Give the entries below again, word for word, and leave out the images.

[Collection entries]
★ ★ ★ ★ ★ ★ ★

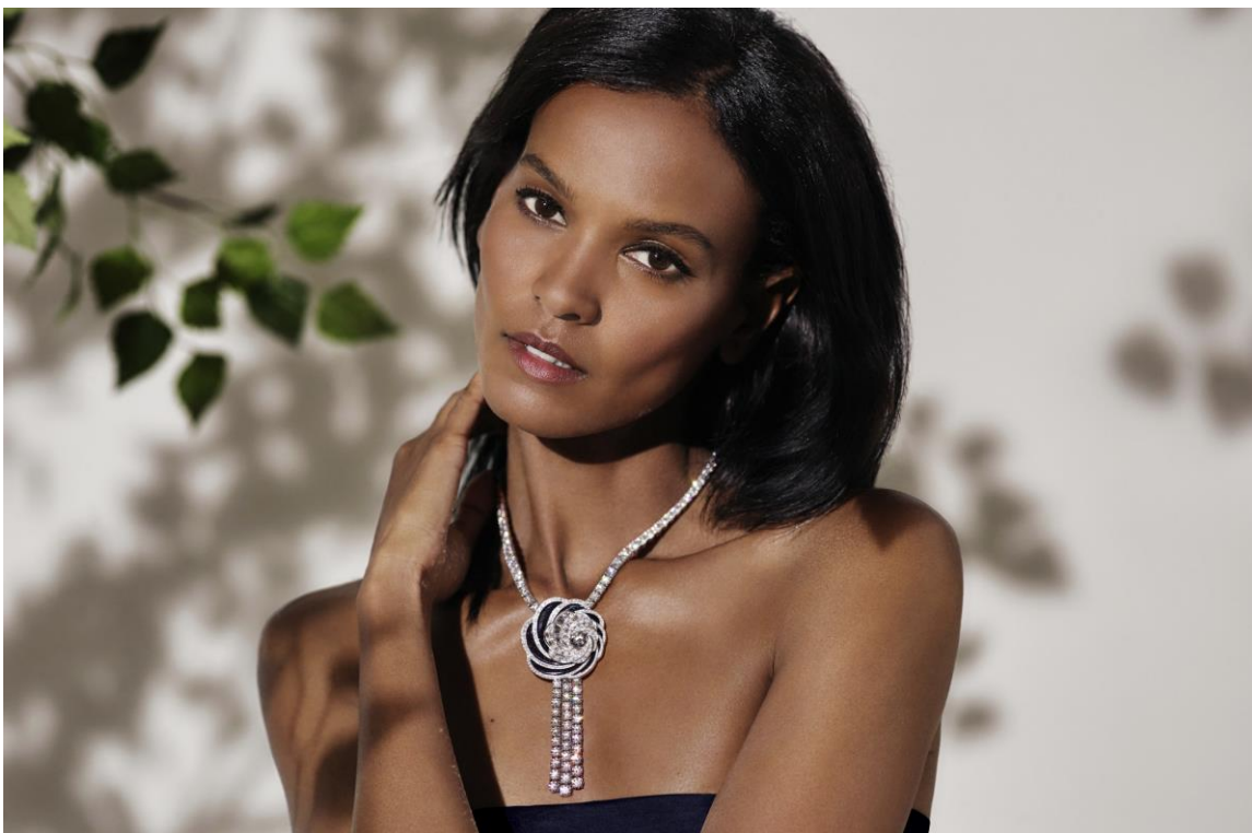
Liya Kebede
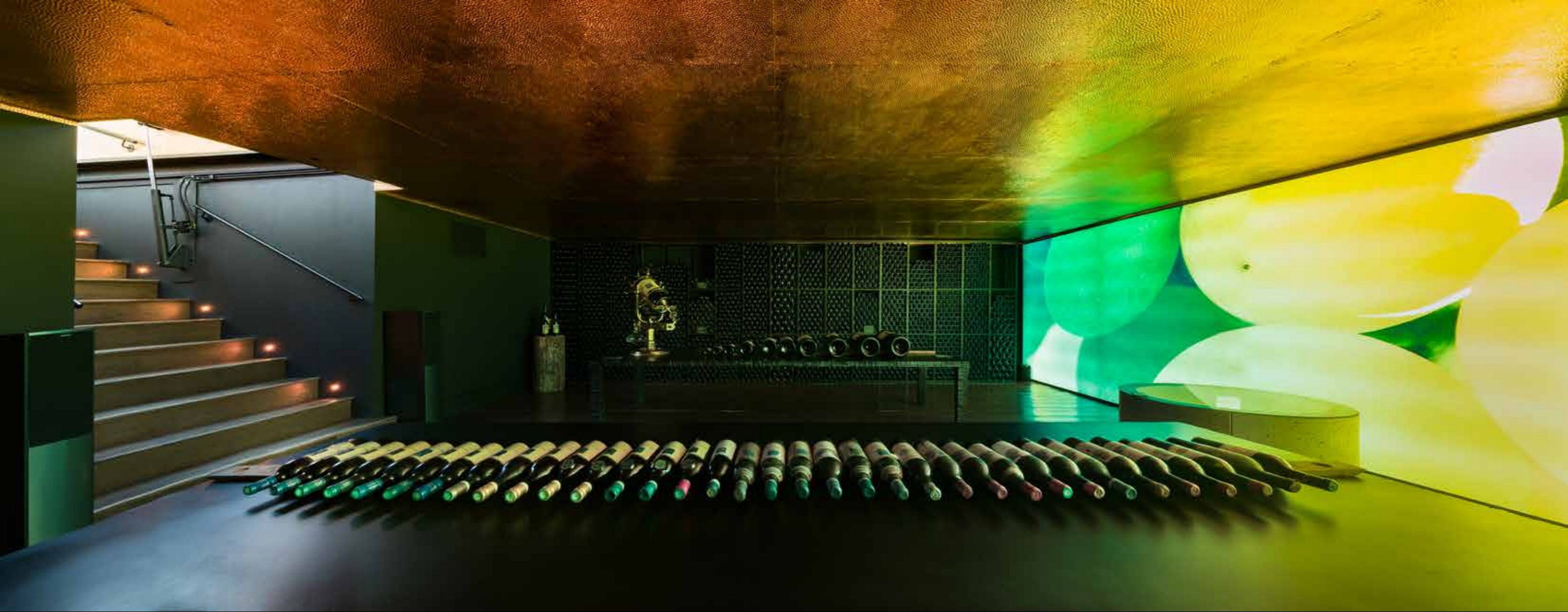
Library cellar at Chateau Smith Haut Lafitte.
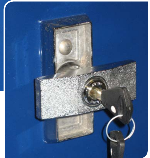
Abloy lock - open
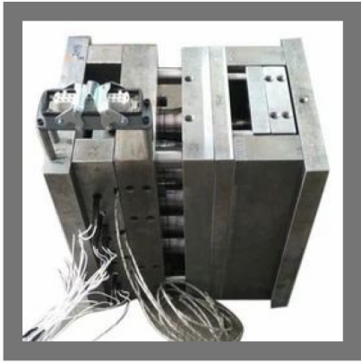
Hot Runner Plastic Bubble Cap Mold
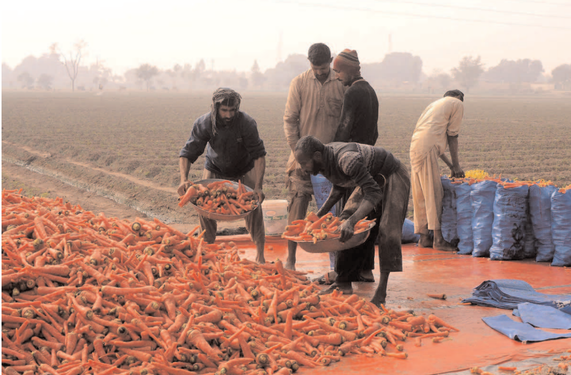
MULTAN: Farmers are busy packing carrots after collecting from the field to deliver the market.
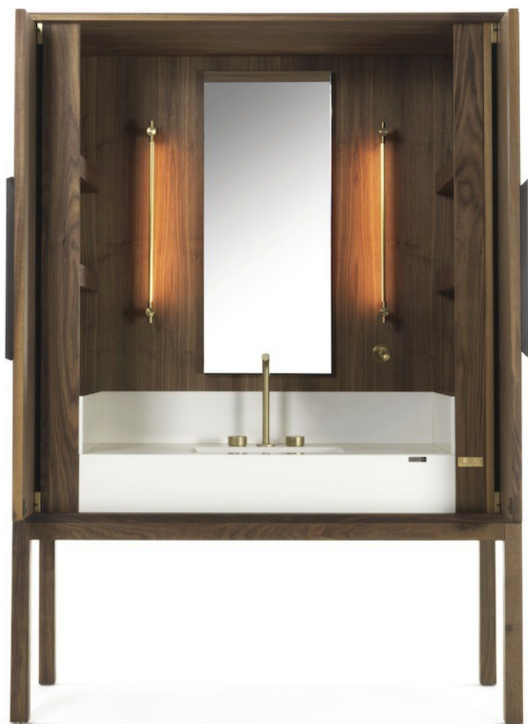
Silestone by Cosentino
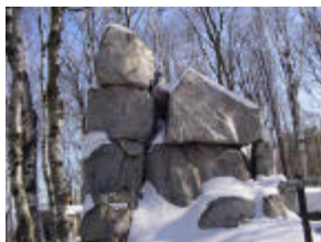
Rock formation at Rib Mountain State Park
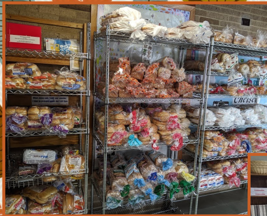
Racks of bread that has been donated by local stores and bakeries.
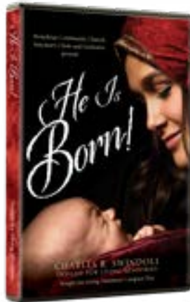
He Is Born by Stonebriar Community Church Choir and Orchestra compact disc
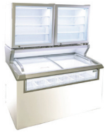
Double Combo-MCT-4HC with 2 optional CTF-3HC
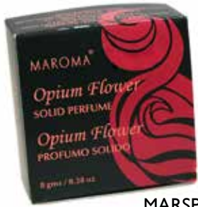
MARSP03 opium flower, 8g

Maroma is owned by a trust set up to provide employment opportunities to women in the villages around Auroville in Tamil Nadu.

★ ★ ★ ★ ★ ★ ★

PROBLEM SOLUTION:
Liya Kebede
Library cellar at Chateau Smith Haut Lafitte.
Abloy lock - open
Hot Runner Plastic Bubble Cap Mold
MULTAN: Farmers are busy packing carrots after collecting from the field to deliver the market.
Silestone by Cosentino
Rock formation at Rib Mountain State Park
Racks of bread that has been donated by local stores and bakeries.
He Is Born by Stonebriar Community Church Choir and Orchestra compact disc
Double Combo-MCT-4HC with 2 optional CTF-3HC
MARSP03 opium flower, 8g

Maroma is owned by a trust set up to provide employment opportunities to women in the villages around Auroville in Tamil Nadu.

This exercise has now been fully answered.